## Surface Observation Data Processing

In [None]:
# import required packages
import pandas as pd
import os
import pickle
import sys
pd.options.display.width=None
pd.options.display.max_columns=None


if sys.version_info >= (3, 6):
    from zipfile import ZipFile as zipfile
else:
    import zipfile36 as zipfile
    
url = "https://unearthed-exploresa.s3-ap-southeast-2.amazonaws.com/Unearthed_5_SARIG_Data_Package.zip" 
# enter the directory to save data
data_loc = './data'
file_name = 'Unearthed_5_SARIG_Data_Package.zip'

if os.path.isfile(os.path.join(data_loc, file_name)):
    print ("File exist")
    pass
else:
    # open and save the zip file onto computer
    url = urlopen(URL)
    output = open('./data/Unearthed_5_SARIG_Data_Package.zip', 'wb')    # note the flag:  "wb"        
    output.write(url.read())
    output.close()
    
files_in_dataset = []
file_name = 'Unearthed_5_SARIG_Data_Package.zip'
for file in zipfile(os.path.join(data_loc, file_name),'r').filelist:
    files_in_dataset.append(file.filename)
    
files_in_dataset



For this part of data cleaning, we will only use the following files: 
 - 'SARIG_Data_Package/sarig_fieldobs_exp.csv',
 - 'SARIG_Data_Package/sarig_fieldobs_litho_exp.csv',
 - 'SARIG_Data_Package/sarig_fieldobs_note_exp.csv',
 - 'SARIG_Data_Package/sarig_fieldobs_struct_exp.csv'

### Load Field Observation Data

In [None]:
# load the field observation summary data
sarig_fieldobs_exp = pd.read_csv(
    zipfile(os.path.join(data_loc, file_name),'r').open('SARIG_Data_Package/sarig_fieldobs_exp.csv','r'), 
    sep=',', encoding='latin1')
sarig_fieldobs_exp.sample(5)

In [None]:
interested_fieldobs_exp = sarig_fieldobs_exp[['SITE_NO', 'FIELD_ID', 
       'LANDFORM_CODE', 'MAP_250000', 'MAP_100000', 'MAP_50000',
       'EASTING_GDA2020', 'NORTHING_GDA2020', 'ZONE_GDA2020',
       'LONGITUDE_GDA2020', 'LATITUDE_GDA2020', 'LONGITUDE_GDA94',
       'LATITUDE_GDA94', 'HORIZ_ACCRCY_M', 'ELEVATION_M', 'VERT_ACCRCY_M',
       'SURVEY_METHOD_CODE']]
interested_fieldobs_exp.sample(5)

In [None]:
sarig_fieldobs_exp.columns

In [None]:
sarig_fieldobs_exp.info()

This data table includes the summary of the contents of the field observation dataset. 
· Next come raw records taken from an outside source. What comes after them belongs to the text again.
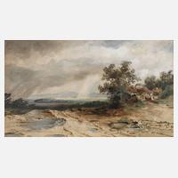 Landschaft des Voralpenlandes mit kleinem Gehöft und Regenbogen sowie vorbeiziehendem Regenschauer, Aquarell mit Weißhöhung, Mitte 19. Jh., rechts unten signiert „A. Altmann“, leichte Altersspuren, unter Passepartout und hinter Glas gerahmt, Passepartoutausschnitt ca. 15,5 x 25,7 cm. Künstlerinfo: österr. Maler und Aquarellist (1808 Wien bis 1871 Wien), Sohn des gleichnamigen Malers, verlor 1818 beiden Elternteile, Besuch der lateinischen Schule in Brünn, ab 1821 Studium an der Akademie in Wien, 1829-30 Zeichenlehrer des Grafen Joseph Apponyi, autoditaktische Beschäftigung mit der Ölmalerei, 1838 Vollendung seines ersten Ölgemäldes, 1839 Ankauf eines Gemäldes durch Franz Karl von Österreich, Quelle: Thieme-Becker und Wikipedia.
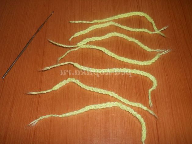 1. Для серцевини квітки в'яжемо гачком ланцюжок з 25 повітряних петель жовтою ниткою. Обрізаємо нитку.
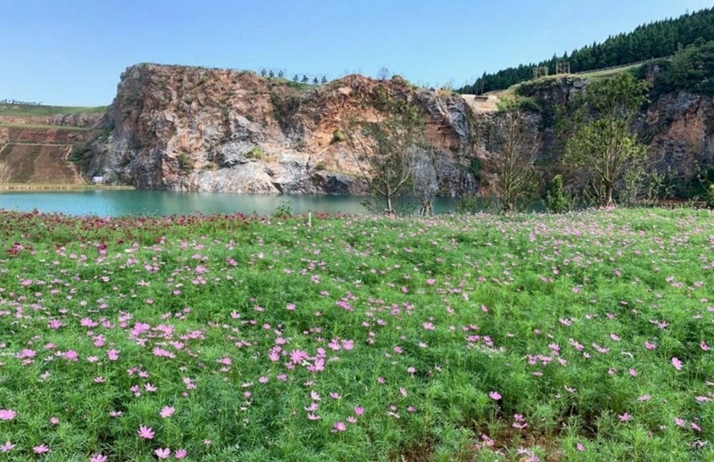 靈山生態(tài)文化旅游區(qū)已打造出繽紛的山林景觀。景區(qū)內(nèi),金色梯田美不勝收,拾階而上,高山草甸順著山勢(shì)起伏;一棵“孤獨(dú)的樹(shù)”矗立山巔,俯瞰遠(yuǎn)處的油菜花海、采礦舊址;穿越千株櫻園、桃林蜿蜒直達(dá)谷底,“礦坑花園”已成為絕佳的拍照打卡地。
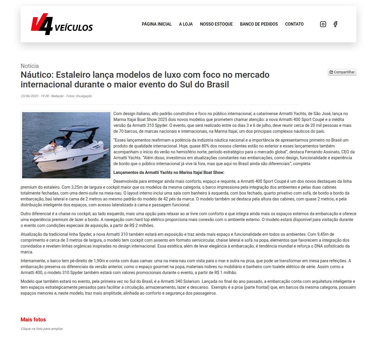 Notícia Náutico: Estaleiro lança modelos de luxo com foco no mercado internacional durante o maior evento do Sul do Brasil
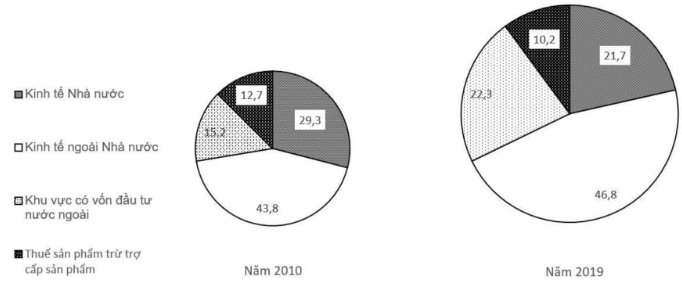 Cho biểu đồ về GDP của nước ta 2010 và 2018 (%) (Số liệu theo Niên giám thống kê Việt Nam,

### Load the Field Observation Lithology Data

In [None]:
sarig_fieldobs_litho_exp = pd.read_csv(
    zipfile(os.path.join(data_loc, file_name),'r').open('SARIG_Data_Package/sarig_fieldobs_litho_exp.csv','r'), 
    sep=',', encoding='latin1')
sarig_fieldobs_litho_exp['STRAT_UNIT_NO'] = sarig_fieldobs_litho_exp['STRAT_UNIT_NO'].astype('Int64')
sarig_fieldobs_litho_exp['OBSERVATION_DATE'] = pd.to_datetime(sarig_fieldobs_litho_exp['OBSERVATION_DATE'])
sarig_fieldobs_litho_exp.sample(5)

In [None]:
sarig_fieldobs_litho_exp.info()

In [None]:
interested_fieldobs_litho_exp = sarig_fieldobs_litho_exp[
    ['SITE_NO', 'LITHOLOGY_NO', 'MAP_SYMBOL', 'GIS_CODE', 'STRAT_UNIT_NO', 
     'ROCK_GROUP_CODE', 'LITHO_CODE', 'LITHO_CONFIDENCE', 'LITHO_MODIFIER']]
interested_fieldobs_litho_exp.sample(5)

### Load Field Observation Notes

In [None]:
sarig_fieldobs_note_exp = pd.read_csv(
    zipfile(os.path.join(data_loc, file_name),'r').open('SARIG_Data_Package/sarig_fieldobs_note_exp.csv','r'), 
    sep=',', encoding='latin1')
sarig_fieldobs_litho_exp['OBSERVATION_DATE'] = pd.to_datetime(sarig_fieldobs_litho_exp['OBSERVATION_DATE'])
sarig_fieldobs_note_exp.sample(5)

The FIELD_NOTES are words, which might require text mining, while these FIELD_NOTES does not give too much insight into the ores. So, we ignore this table. 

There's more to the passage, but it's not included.